Diesel is an Italian retail clothing company best known for its denim wear . Its founder Renzo Rosso started the brand in 1978. In October of 2018 Diesel dropped their “hate couture line”. In its attempts to stand against online bullying, it dropped a jacket with the word “fa**ot” plastered all over it. It did not have the effect they thought it would. I’m not sure how they expected people to respond after this term has been used to target, ostracize, bully, and isolate many members of the LGBTQ community.

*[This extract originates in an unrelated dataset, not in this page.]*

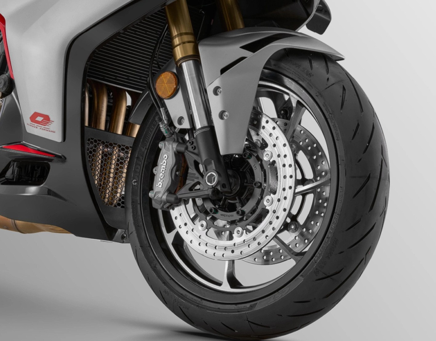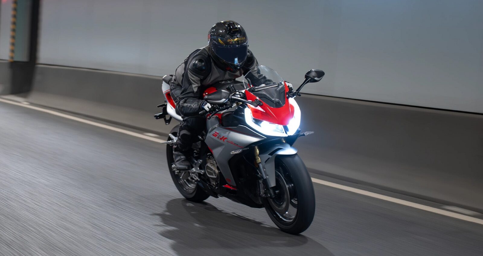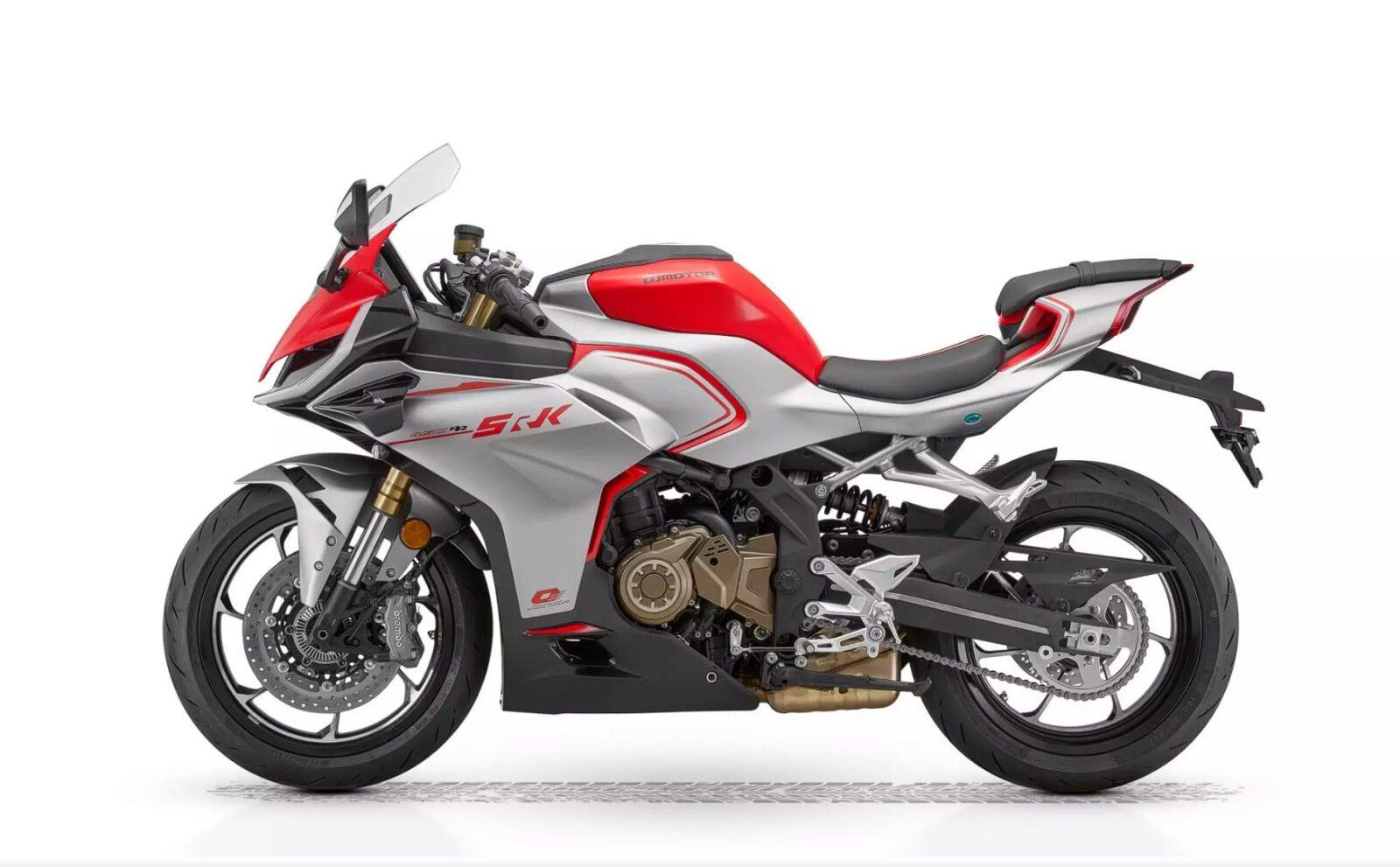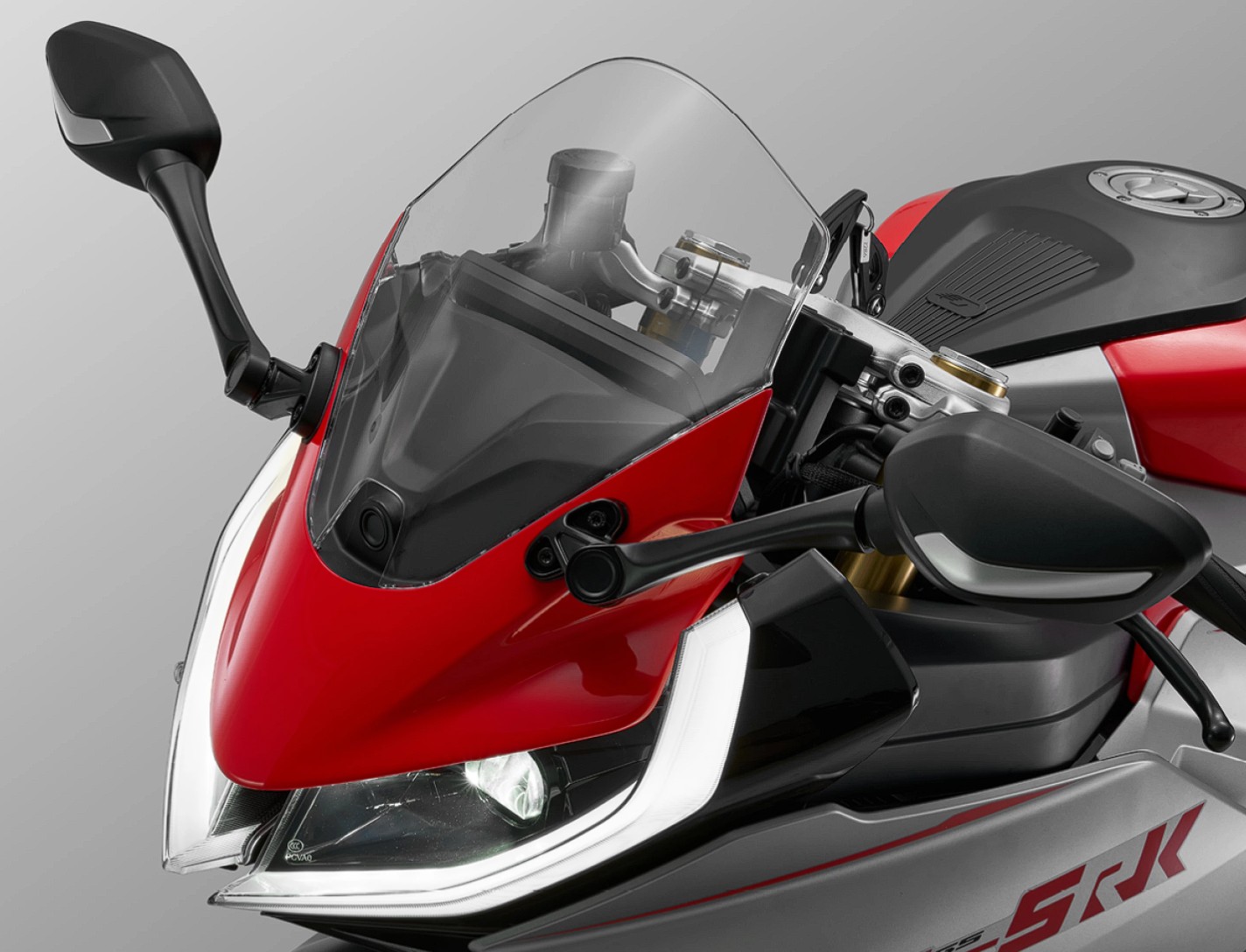 SRK 421 RR wygląda jak motocykl, który nie wstydzi się kosztownych nazw. Znajdziemy w nim bowiem widelec USD z pełną regulacją, tylny układ wielowahaczowy z amortyzatorem Marzocchi, a do tego hamulce Brembo, które obejmują z przodu dwie tarcze 300 mm z radialnymi, czterotłoczkowymi zaciskami, a z tyłu pojedynczą tarczę 240 mm. Do tego dochodzi ABS i kontrola trakcji, a nawet elektronika. Skromna, ale sensowna, bo obejmująca dwa tryby jazdy (Normal i Sport), które wpływają na reakcję przepustnicy i poziom ingerencji systemów wsparcia. Do tego dochodzi 7-calowy ekran TFT z łącznością ze smartfonem i funkcją mirroringu nawigacji, a także TPMS i ładowanie USB w postaci dwóch portów o mocy 18 W z dwoma portami.

Some decided to share this disdain for the campaign via twitter. An author, James A Lyons tweeted “I know what Diesel are trying to do, but I feel they are failing spectacularly with this . I  find it a bit uncomfortable.” In response to peoples pain, diesel put out a that lacked remorse. They said “It’s worth repeating: you don’t make online hate disappear by hiding it. Share your stories of online hate. It’s time to take the hurt out of hate. #DieselHateCouture

Therefore, when you offend without apologies, there will always be consequences. Consequently, the following year Diesel filed for bankruptcy! Could it be a coincidence? I don’t think so. They had the right idea, took the wrong approach. Their response  raises the question,  what were there true intention in creating this jacket? We don’t have to agree to apologize, we just have to be considerate.

Diversity is a choice

Changed behavior is the best apology. In these cases, choosing diversity is the only path forward. In addition, once we’re called out, we become accountable for what we know. However, all of these statements and apologies begin to fall on deaf ears after a while. We want internal change that reflects outwardly, not outward changes to cover up the inward prejudices. All these designers have shown us is that they are concerned about protecting their own interests.

Until they choose diversity, we must continue to raise our voices about the disrespect. We must continue to be loud about the prejudices. Most importantly, we can’t just demand diversity, we must also demand inclusion. Andres Tapia, author of “the inclusion Paradox” says it best, “Diversity is the mix. Inclusion is making the mix work”. Its time these designers make the mix work for us.